Over the past several months on this blog you have learned about Wayne County’s vast financial problems.
Read back: Wayne County and emergency management
We have shown how an emergency manager is not only possible but some inside the Guardian Building would welcome his or her arrival! The Prosecutor’s Office is underfunded and suing to get more money. The Sheriff’s Office is underfunded too and run much like an old fashioned general store where everyone puts stuff on their tab and the bills don’t get paid. I am told by those who watch such things that Wayne County itself will likely run out of cash by next summer. It is so broke it is carrying more than $200 million in deficits into the current fiscal year.
Then, like Detroit, there is the issue of underfunded pensions. Wayne County’s officials will readily admit their pensions are underfunded by 55 percent! That means it cannot pay its pension obligations into the future. This is real trouble. And you may wonder how this problem got to this point and part of the answer would be, as Wayne County Commissioner Tim Killeen today put it, "sweetheart" pension deals.

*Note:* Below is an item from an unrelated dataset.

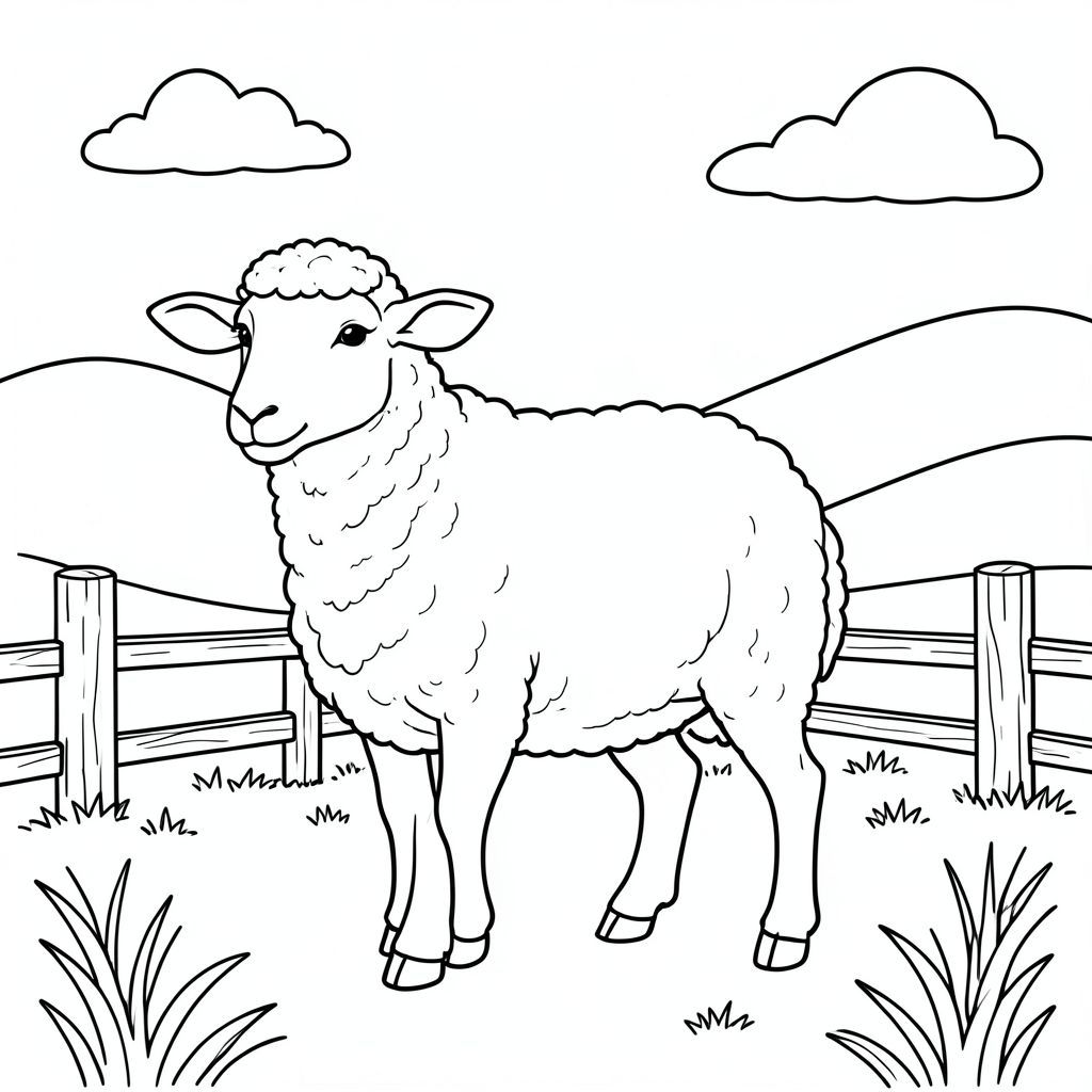 solo, chủ đề đơn, một đầu, hai mắt, hai tai, bốn chân, một đuôi, tỷ lệ tự nhiên, quy mô thích hợp trong môi trường, đúng giải phẫu, Cừu, đồng cỏ, đồi thoai thoải, hàng rào đơn giản, bài gỗ, bầu trời quang đãng, ánh sáng mặt trời, mềm mại, mộc mạc, yên bình, yên tĩnh, tô màu, nghệ thuật đường, nền trắng, solo, chủ đề đơn, đúng giải phẫu, giải phẫu hoàn hảo
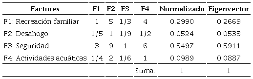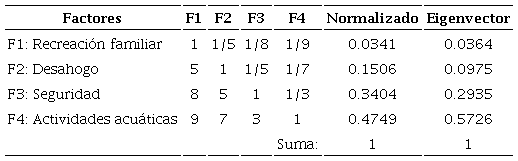 ZOFEMAT encuestó a 50 personas en la localidad del Costa Azul (perfil de surf), mientras que estudiantes del ITES a otros 50 turistas en la Bahía de La Paz (Perfil familiar). Los promedios correspondientes obtenidos por factor, así como por comparación entre parámetros conforme con el factor preponderante, fueron utilizados para construir las matrices pareadas. En este caso los resultados fueron redondeados para obtener los niveles de importancia definidos en la Tabla 3. Un detalle a observar es que tanto las instituciones como las encuestas coincidieron en que la seguridad es primordial en cualquier aspecto para el turista. Sin embargo, se entiende que los surfistas tienen experiencia en nado a mar abierto, por lo que este factor se relaja un poco, derivando en una mayor relevancia una ubicación que permita la actividad de surf dentro de un radio de seguridad. Asimismo, se compararon los resultados obtenidos con el trabajo propuesto por Phillips y House (2009), en donde se realiza un estudio con 50 parámetros involucrados en el análisis de playas turísticas. Al analizar un promedio de los pesos asignados a parámetros involucrados en los factores de estudio, se cumple con un orden de importancia similar a los considerados en este trabajo. Las relaciones de comparación (R) fueron expresadas en un lenguaje coloquial para posteriormente ser traducidas al lenguaje matemático respectivo del AHP. En el caso de una comparación para ambientes familiares, ejemplificamos las siguientes comparaciones:

You may have heard about Wayne County Executive Robert Ficano appointees who were offered big pension deals; former development director and airport director Turkia Awada-Mullen is one of 15 appointees who ended up suing because the county reneged on a sweetened pension deal. Former Ficano chief of staff Matt Schenk is another. He is 42 years old, and while he had to put some $400,000 into the kitty to buy more time to qualify for the pension, he will receive roughly $94,000 a year in county pension after just eight years with Wayne County.
Lawsuit claims sweetened pension deal is bad
But Local 4 today learned of more pension problems. A new lawsuit filed last Friday has two now retired employees who were sold a sweetened pension deal suing because the deal is a bad one, that flies in the face of IRS rules and therefore the women have to not only live on smaller pensions but will also have to give money back!

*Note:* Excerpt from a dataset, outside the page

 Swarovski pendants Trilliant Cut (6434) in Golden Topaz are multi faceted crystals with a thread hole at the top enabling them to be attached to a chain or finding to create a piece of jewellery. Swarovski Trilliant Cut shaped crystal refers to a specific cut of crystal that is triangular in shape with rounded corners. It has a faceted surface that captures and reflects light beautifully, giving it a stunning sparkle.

Tamara Harmon and Sue Hamilton-Smith claim they received letters back in September from the Wayne County Employee Retirement System that notified them of their impending financial troubles. They claim it’s a breach of contract that the county is changing the rules of the game after the fact when it was the county’s program they followed and would never have retired had the county not told them they could either take the deal or be terminated from employment.
What’s more, the women claim the county offered to loan them money to pay into the step-up plan incentivizing them to get involved. The women claim they emptied their retirement accounts in order to pay money into the system and were counting on their increased pension dollars to live on into the future. Now that is all up in the air and they want the county to have to pay them back in full and also pay for all of their attorney and accounting fees to unravel this mess.
The stepped-up pension programs are part of Ficano’s desire and need to cull the ranks of his appointees. At the time, Harmon and Hamilton-Smith say they were told of 100 appointees the county needed to cut 40 positions and they were given a quick two weeks to make their decisions. Now, two years later and out of the county, they are angry about having their retirements challenged and severely cut.
This is yet another example of the county fumbling its way through its financial crisis. Bob Ficano's office had not seen the lawsuit as of tonight and is not commenting but needless to say this is just another log on the financial fire that says the county is courting great big trouble.
No doubt the State of Michigan Treasurer’s Office is watching. Needless to say they are the ones who decide whether an emergency manager might be necessary.
No one in Lansing wants to pull this lever, and yet there seems little doubt they may find themselves forced into doing so.